• _Exercise requirements_: Each line of the data below between the one containing "Da dies so klar" and the one containing "(¬1) مثبتة من", both included, is to be repeated exactly. Please omit pictures.

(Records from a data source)
---

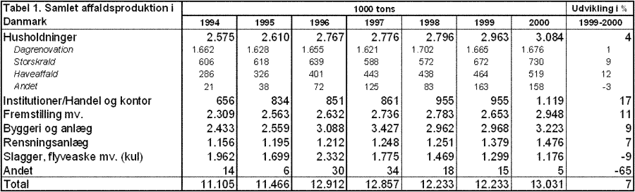 komposterings/biogasanlæg og deponeringsanlæg). Derfor indgår f.eks. ikke slagger,
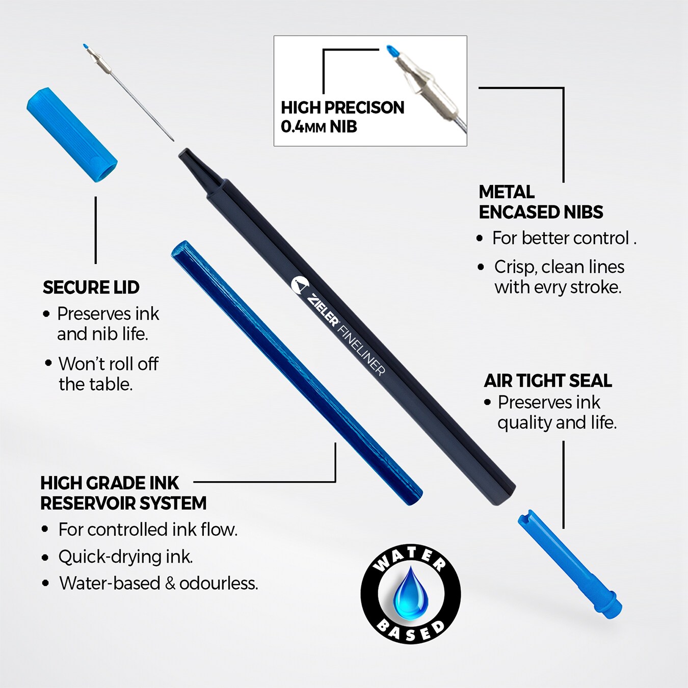 20 Colour Fineliner Pens Set 0.4mm Line Width Assorted Colours
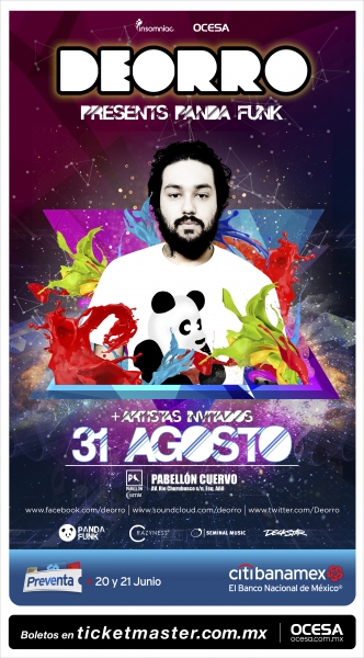 El DJ y productor Angelino de origen mexicano Deorro anuncia hoy que presentará un show a lado de sus amigos y compañeros del sello PANDA FUNK el próximo 31 de agosto de 2017 en las instalaciones del Pabellón Cuervo de la Ciudad de México. Los boletos para este imperdible showcase estarán disponibles en Preventa Citibanamex los días 20 y 21 de junio y en Venta General a partir del 22 de junio a través del Sistema Ticketmaster en http://www.ticketmaster.com.mx y al 53-25-9000 así como en las taquillas del inmueble.
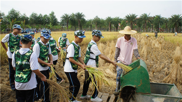 活動包括收割稻谷、扎稻草人、心肺復蘇安全教育、田園野炊生存活動、集體游戲等多個精彩環(huán)節(jié)。最令人難忘的,無疑是本次研學課程的“重頭戲”――收割稻谷。在導師講解了收割稻谷的注意事項、展示收割的技巧后,同學們都躍躍欲試。挽起褲腿,拿起鐮刀,彎下身子,割下一株株金黃的稻子,然后到脫粒機前進行脫?!粗馉N燦的稻谷在谷倉里跳動,同學們顯得格外興奮,體驗到了豐收的喜悅,忘了汗水和泥土帶來的酸痛。中午時分,同學們又開始了田園野炊活動,只見同學們分工合作,洗菜、切菜、炒菜、做飯……忙得不亦樂乎,最終吃上了自己做的午餐,這一餐不僅特別美味,還深切體會到了父母常年做飯的艱辛,懂得了增強生活自理能力的重要性。
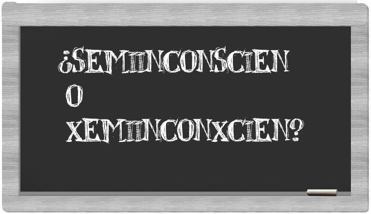Cuando se presenta la disyuntiva entre semiinconscien y xemiinconxcien, es fundamental no vacilar, dado que únicamente semiinconscien es la que se encuentra adecuadamente redactada. Por su parte, xemiinconxcien no figura en el glosario de la Real Academia Española.
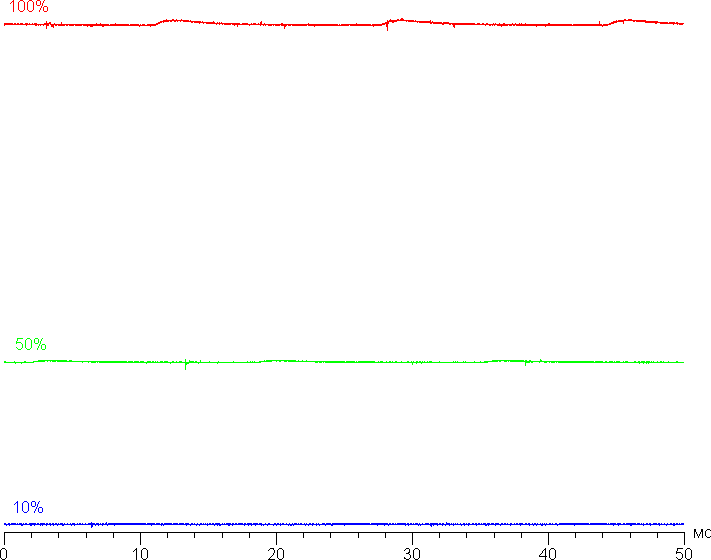 На любом уровне яркости значимая модуляция подсветки отсутствует, поэтому нет и никакого мерцания экрана. В доказательство приведем графики зависимости яркости (вертикальная ось) от времени (горизонтальная ось) при различных значениях настройки яркости:
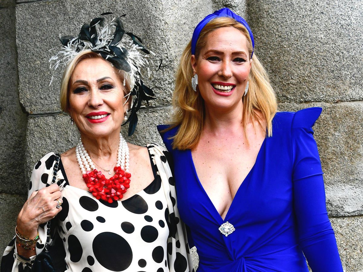 Amiga de Iván Reboso desde hace años, Chayo Mohedano ha sido uno de los rostros conocidos que no se han querido perder la boda del popular periodista con Joan Crisol. Acompañada por su madre Rosa Benito, la sobrina de Rocío Jurado acaparó todas las miradas con un llamativo y escotadísimo vestido azul eléctrico con drapeado en la parte frontal y diadema tipo turbante a juego, que combinó con complementos en dorado.
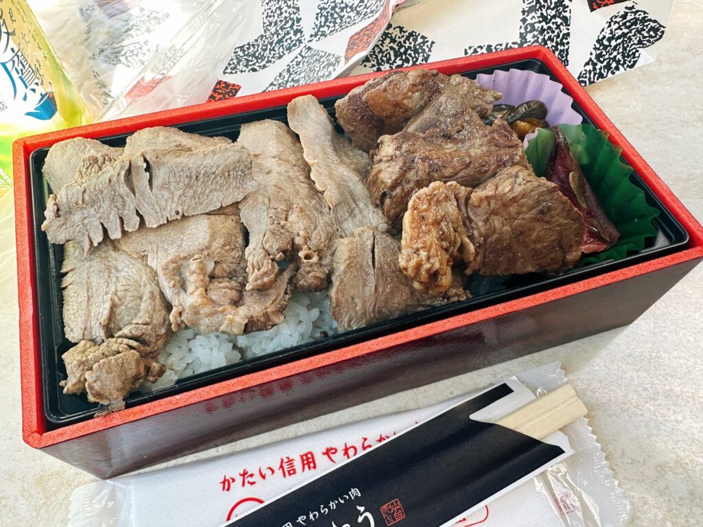 その後、三越で牛タンと牛肉がのったお弁当を買って屋上で食べました。
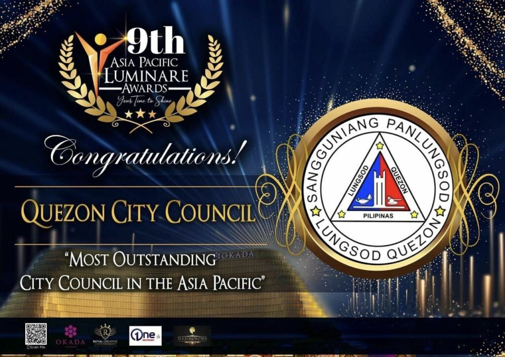 Umani ng sari-saring parangal ang ating Quezon City Council sa ginanap na Asia Pacific Luminare Awards.
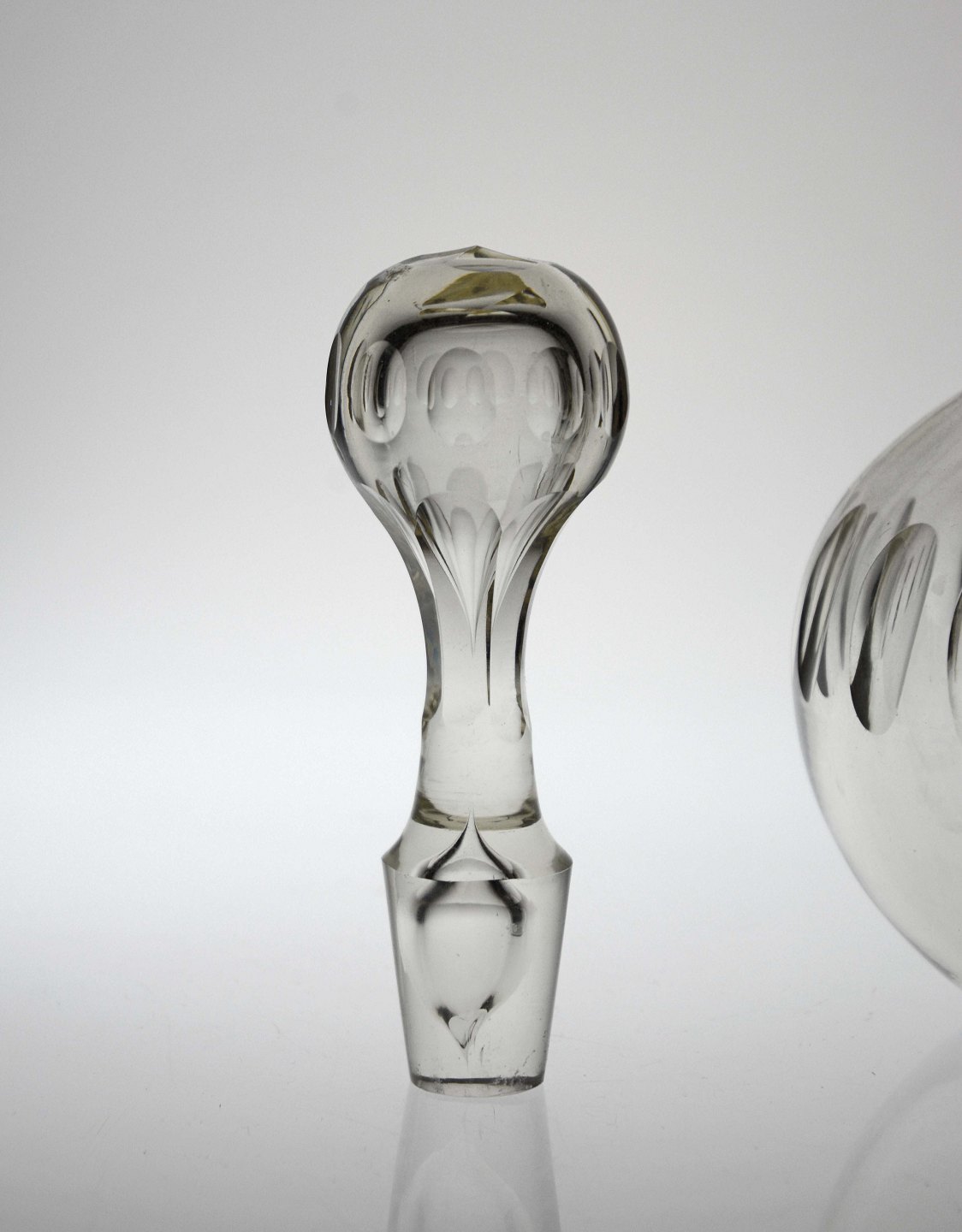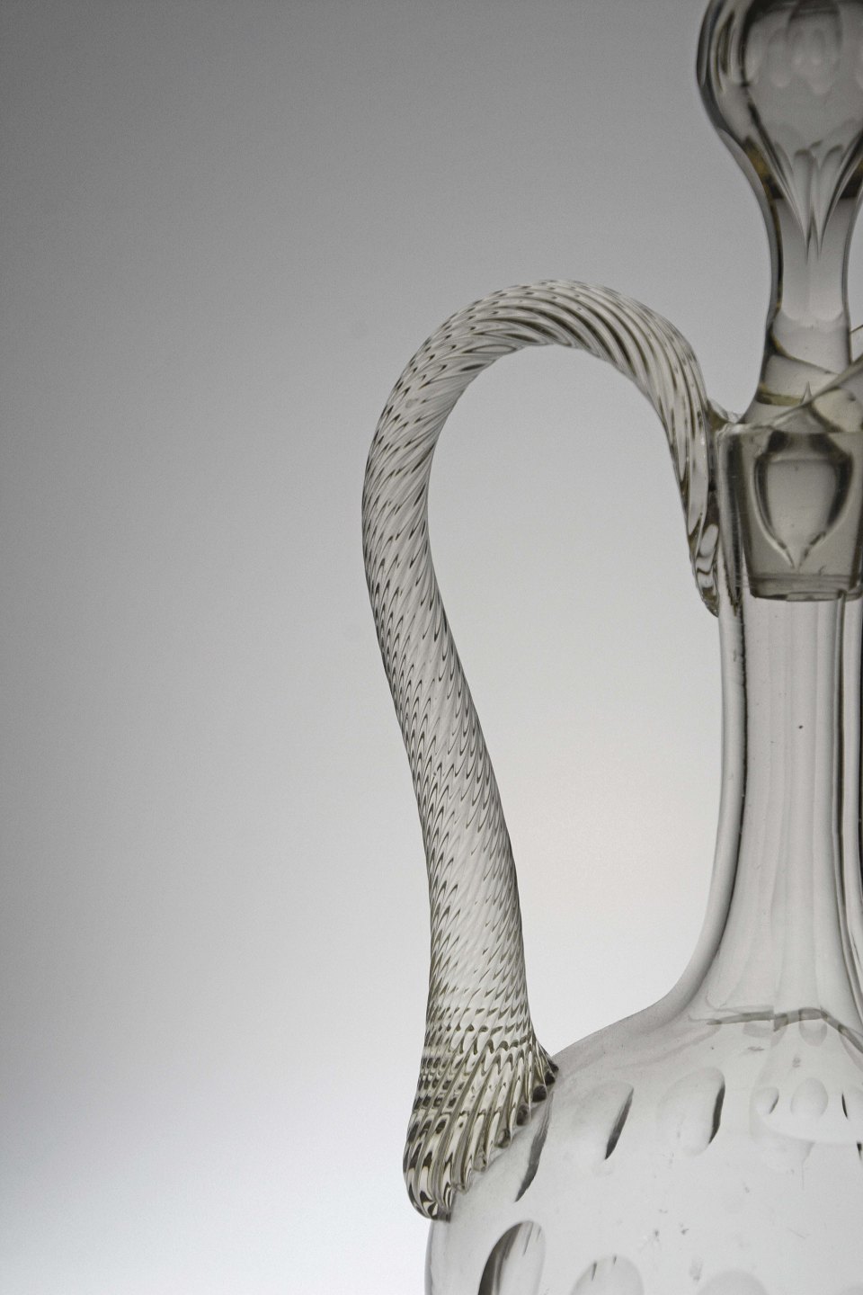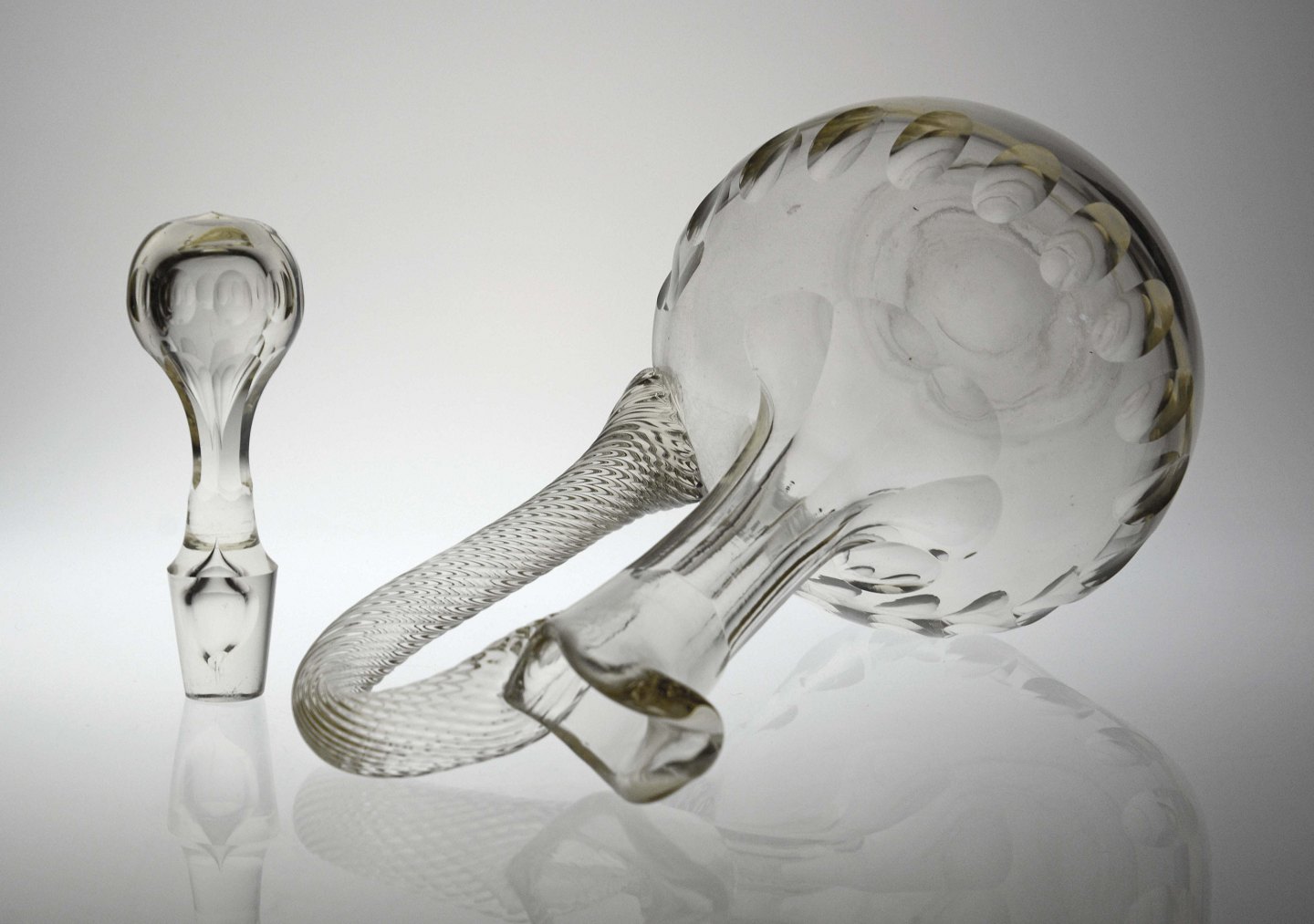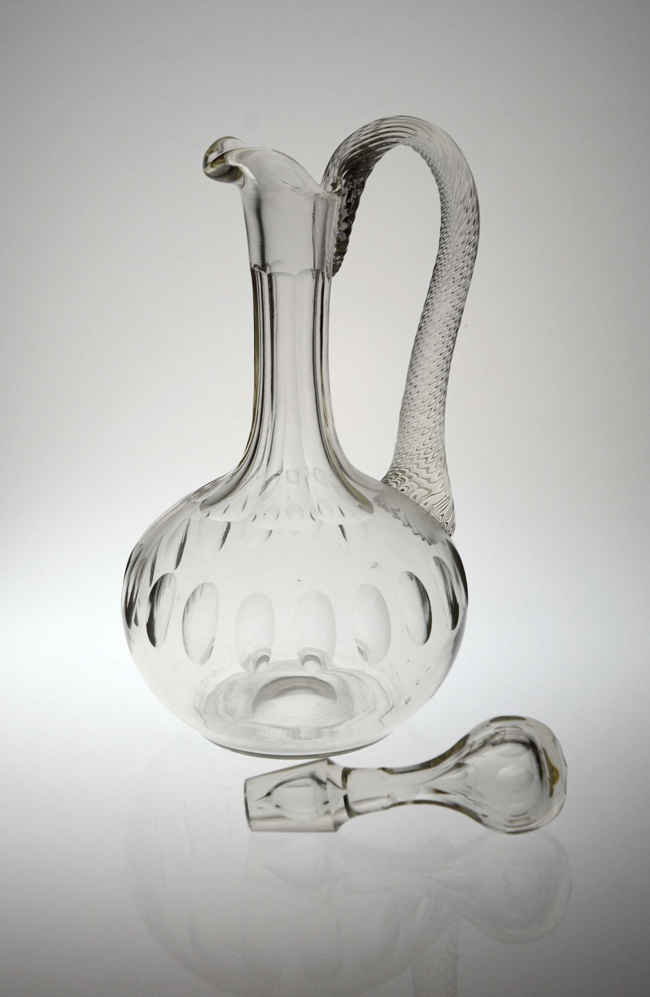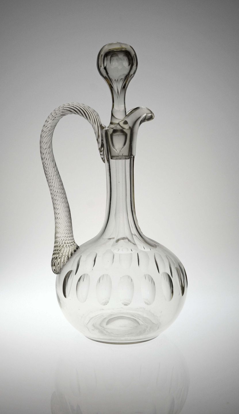 Glaskaraffel med prop og snoet hank
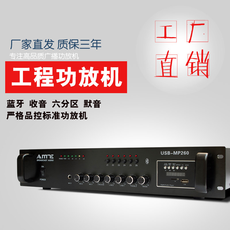 280W定压功放 带USB 合并功放 带六分区/多路 公共广播功放机
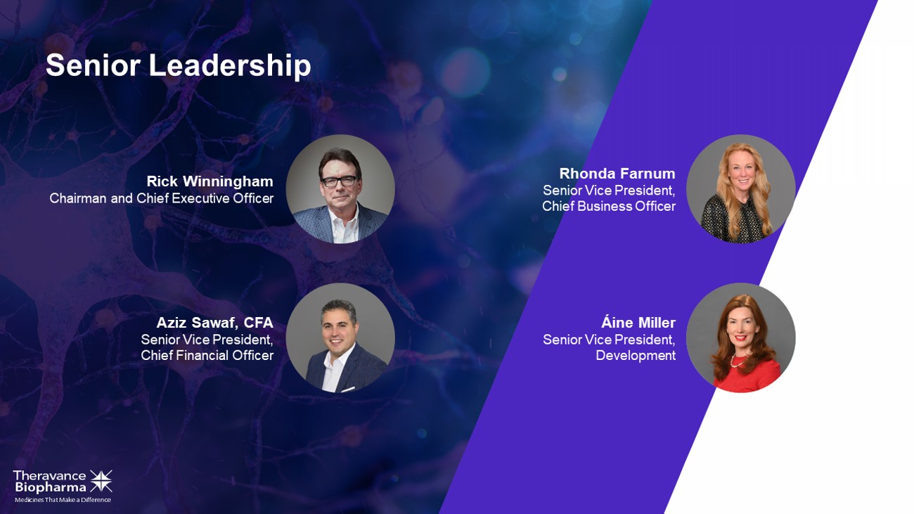 Rick Winningham Chairman and Chief Executive Officer Aziz Sawaf, CFA Senior Vice President, Chief Financial Officer Rhonda Farnum Senior Vice President, Chief Business Officer Áine Miller Senior Vice President, Development Senior Leadership
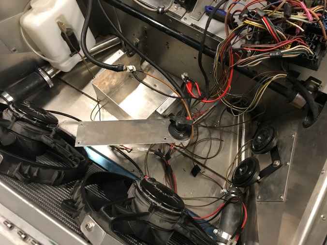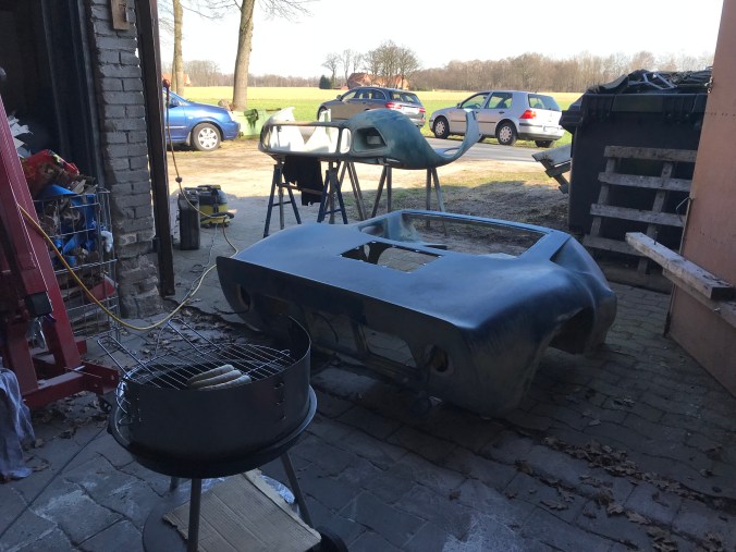 Da dies so klar vorhersehbar war, hatte ich am vergangenen Wochenende schon einmal Wärmeschutzmaterial für den rear clip bestellt, um gegen die Motorwärme zu isolieren (OKOK, der rear clip ist also noch nicht ganz fertig, aber fast). Die seitlich an den Radhäusern anzubringenden Matten sind schon geliefert worden …
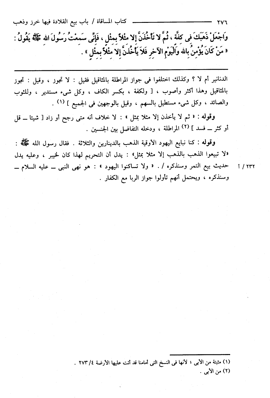 (¬1) مثبتة من الأبى؛ لأنها فى النسخ التى أمامنا قد أتت عليها الأرضة 4/ 273.
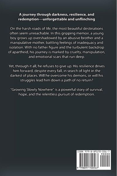 Sometimes, the hardest roads lead to the most beautiful destinations. This gripping memoir, filled with raw emotion and unflinching honesty, delves deep into the harrowing experiences of a young boy overshadowed by an older sibling. In this powerful narrative, he must navigate the toxic dynamics of a narcissistic mother and a psychopathic brother, constantly struggling with feelings of inadequacy and isolation. As the second-born, he carries the heavy burden of living in the shadow of the favored first-born. With no father figure to guide him, he is left vulnerable to manipulation, cruelty, and abuse. The scars, both physical and emotional, run deep. The author fearlessly shares his story, unveiling the darkest corners of his past, including the unspeakable horrors of sexual, verbal, and emotional abuse. Set against the backdrop of the apartheid era, a time of rampant discrimination and inequality, the author's personal struggles intertwine with the intense social unrest. He must confront dire obstacles without a moral compass to guide him. Repeatedly hitting rock bottom, he refuses to surrender to the darkness that threatens to consume him. With unwavering determination, he musters the courage to rise again, battling against adversities that seem insurmountable. Will he ultimately overcome his demons and finding redemption? Or will his choices lead him down a path of self-destruction? Join him on a journey through endless roads that seem to lead nowhere, as he yearns for a place to call home. Through his dejected voice, you will experience the echo of his pain and resilience. This unforgettable true-life story will captivate your heart and leave a lasting impact. Brace yourself for a rollercoaster of emotions, as the power of his haunting tale resonates with you long after you turn the last page.
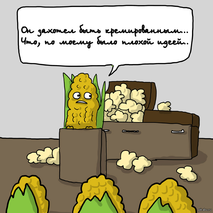 162 mrfish Кремирование - это не выход! 12 лет назад Взято и переведено с http://theawkwardyeti.com/ Кремация Кукуруза Попкорн

---

• _Response to this exercise_:
 Da dies so klar vorhersehbar war, hatte ich am vergangenen Wochenende schon einmal Wärmeschutzmaterial für den rear clip bestellt, um gegen die Motorwärme zu isolieren (OKOK, der rear clip ist also noch nicht ganz fertig, aber fast). Die seitlich an den Radhäusern anzubringenden Matten sind schon geliefert worden …
 (¬1) مثبتة من الأبى؛ لأنها فى النسخ التى أمامنا قد أتت عليها الأرضة 4/ 273.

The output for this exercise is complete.